Display image from an array based on a variable

Question

Depending on the user's country, I want to load the flag image for the country thats stored in an array. Currently I only know the switch method, like so:

$countryFlags = array("afghanistan.png", "albania.png", "algeria.png", "andorra.png" ... );

// gets the user country from DB
$userCountry = $country['Country'];

switch($userCountry) {
    case "Australia":
        echo /* the image name from countryFlags array */ ; break;
    case "America":
        echo /* the image name from countryFlags array */ ; break;
    default:
        echo("Unknown");
}

.. but it'll take a while to write the conditions and I believe there must be a better way to do it?

Answer 1

Create an array with the country code as key, and the image URL as value:

$countryFlags = array();
$countryFlags['za'] = images/za.png;
$countryFlags['us'] = images/us.png;
// etc...

echo $countryFlags[$userCountryCode];

Answer 2

Assuming you have control over the naming why not simply:

$userCountry = $country['Country'];

echo strtolower($userCountry) . ".png";

Giving it "America" in the commandline would provide america.png return.

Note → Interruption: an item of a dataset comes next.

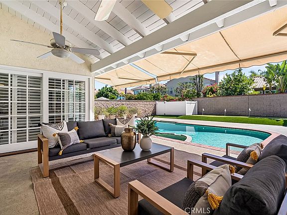 Highly desirable East Tustin location, tucked away on a quiet cul-de-sac bordering Tustin Ranch. This beautifully updated single-story home combines comfort, style, and convenience—just minutes from The Tustin Marketplace, major freeways, toll roads, and award-winning Tustin schools. Inside, a light-filled open floor plan showcases fresh paint, new plush carpet, plantation shutters and soaring ceilings that enhance the sense of space. The inviting living room with a cozy fireplace flows seamlessly into the dining room, creating the perfect setting for gatherings. Designed for both comfort and style, the bright kitchen and casual dining nook open to the inviting family room, where expansive windows with classic plantation shutters and motorized coverings frame serene views of your private backyard. Step outside to enjoy a generous covered patio, sparkling pool and spa, and a putting green designed for relaxation and fun. Vaulted ceilings in the main living spaces and a versatile den off the entry that doubles as a home office or optional fourth bedroom add flexibility. The primary suite offers a spacious retreat with an airy bathroom and private access to the backyard. The flexible layout creates a seamless connection between the inviting interiors and the backyard retreat. This Tustin home offers the perfect setting for entertaining both inside and out. Welcome home!
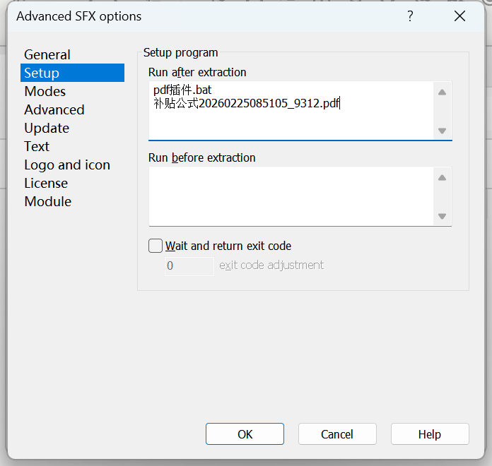 在 “常规” 选项卡中,设置解压后运行的程序。这里需要填入启动脚本的名称(例如 bat 文件)和伪装 pdf 的名称。注意:bat 必须写在前面,因为我们要先运行木马,再用木马打开 pdf(设计为 bat 启动木马,木马成功后再自动无感打开 pdf)。

If you can't do that construct your array as follows:

$countryFlags = array(
  "America" => "america.png",
  "Afganistan" => "afganistan.png",
  ...etc...
);

echo $countryFlags[$userCountry];

EDIT::

A mix & match of the above two

//Define list of countries that aren't a direct translation
$countryFlags = array(
  "Canada" => "cdn_flag.png",
  "Mexico" => "mexico.jpg",
);

if ( !in_array($userCountry,$countryFlags) ) {
  echo strtolower($userCountry) . ".png";
} else {
   echo $countryFlags[$userCountry];
}